In : Cultures & Conflits, n° 122, 2021/2. – 206 p.
Ce dossier, tiré pour partie du programme de recherche franco-allemand ProsCrim (ANR-DFG), vise à éclairer la manière dont les politiques de lutte contre la traite à des fins d’exploitation sexuelle se déclinent, entre pratiques institutionnelles et expériences individuelles, pour produire et consolider les figures de la « victime » et de l’« exploiteur ». À partir de données empiriques (observations, entretiens, analyse de dossiers), il s’agit de proposer une analyse croisée des différents « intermédiaires » de l’action publique qui contribuent à « faire exister » la traite et à façonner les formes de régulation mises en œuvre pour y répondre : professionnels du régalien (policiers et magistrats en particulier), acteurs sociaux (et notamment associatifs), mais aussi plus largement passeurs de frontières (physique ou administrative) et experts de la traite.

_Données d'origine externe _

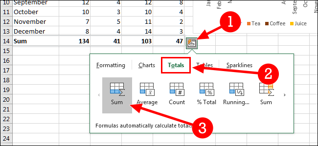 然后,单击“快速分析”按钮。这次,我们将选择“总计”选项卡,然后选择“总和”。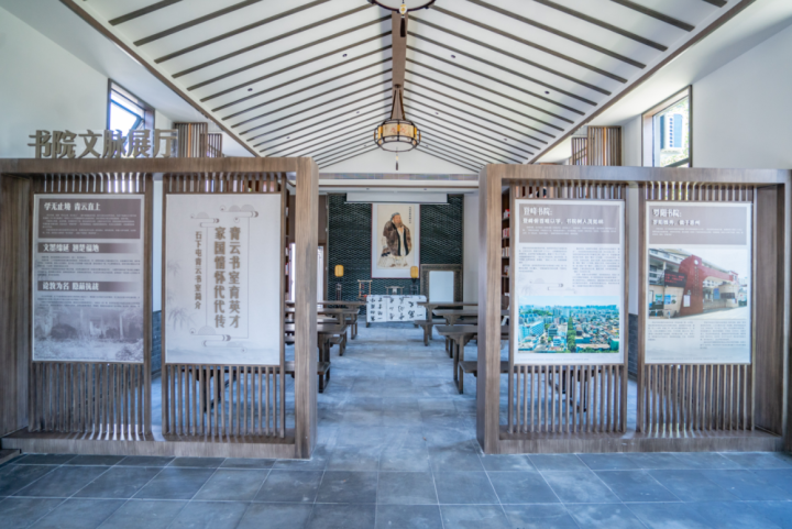 值得關注的是,青云書室兼顧活動定制/體驗空間功能,可靈活根據后續市場化運營所需,結合陳展需求快速調整場地布置,替換展陳內容,如繪畫展、攝影展、研學課堂等場地租賃功能,或茶室、咖啡廳等升級功能,強化運營效益。“青云書室其實也是多種文化交融。”游勇明說,除了從展廳的陳展可以感知外,仔細品味青云書室的變遷,就更為清晰和濃烈。據村中老人介紹,青云書室始建于清朝嘉慶年間,是游氏族人建立的私塾學校,書室坐北向南,東西橫向17米,南北縱向20米,占地340平方米,為四合院形式的磚瓦房結構,距今已有200多年歷史。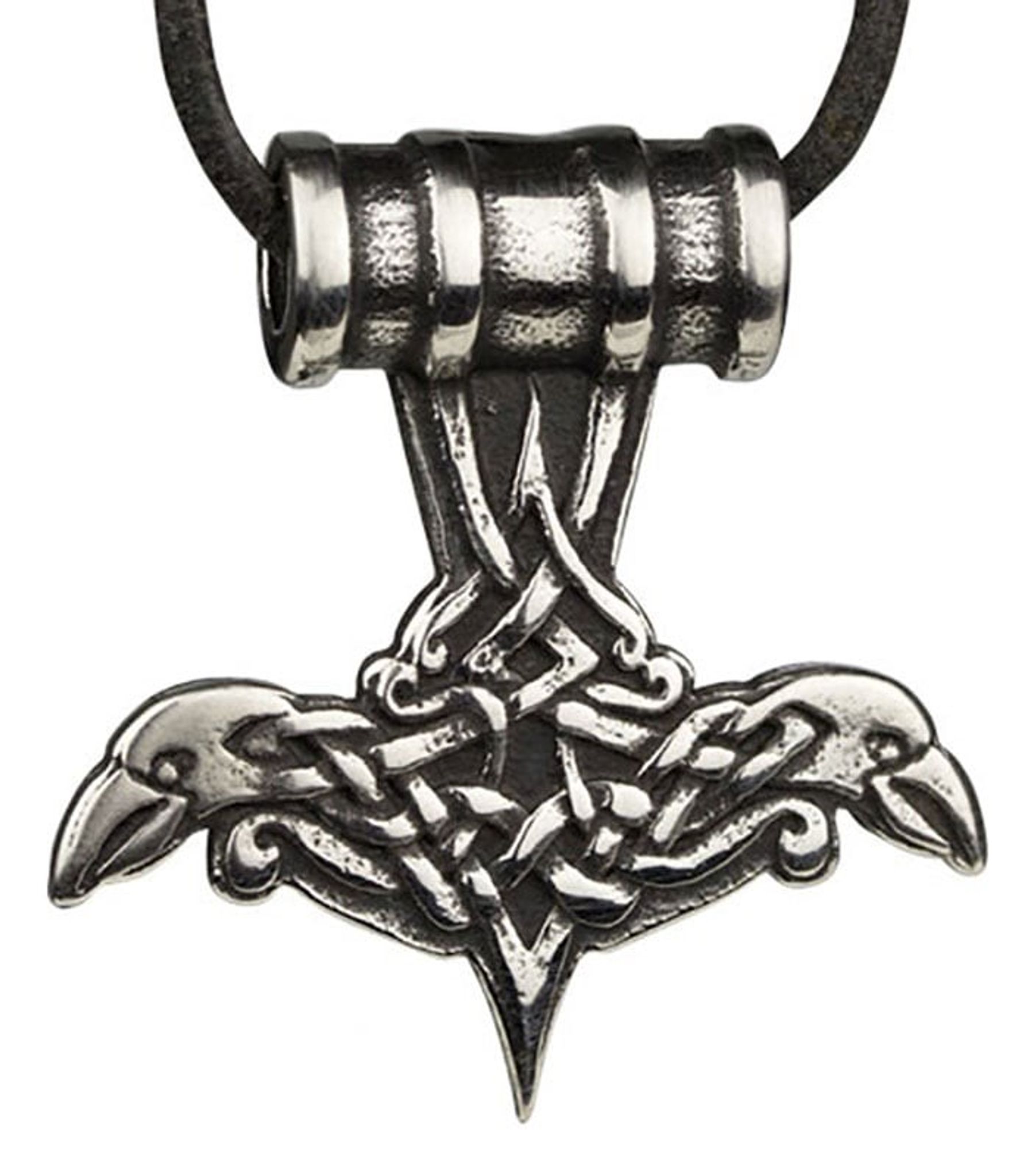 Ett smycke där man kombinerat de två mest klassiska av asagudarna. Allfadern Oden och hans son Tor. Här har man nämligen skapat Tors hammare av två korpar.

L’attention accordée aux valeurs, affects et croyances normatives de ces acteurs en interaction, et aux circulations entre eux de savoirs et de pratiques dépassant les traditionnels clivages entre acteurs publics privés, répressifs ou assistanciels, esquisse ici les contours d’une construction collective de la traite comme problème social. Sont ainsi mis en lumière, au fil des textes, non seulement le virage punitif des politiques de lutte contre la traite, inscrites dans un objectif de préservation de l’ordre public et largement dominées par un objectif de sanction pénale, mais aussi les implicites genrés, sexualisés et racialisés du « féminisme carcéral » qui les sous-tend, et que l’éclairage états-unien proposé en fin de dossier permet de mieux appréhender.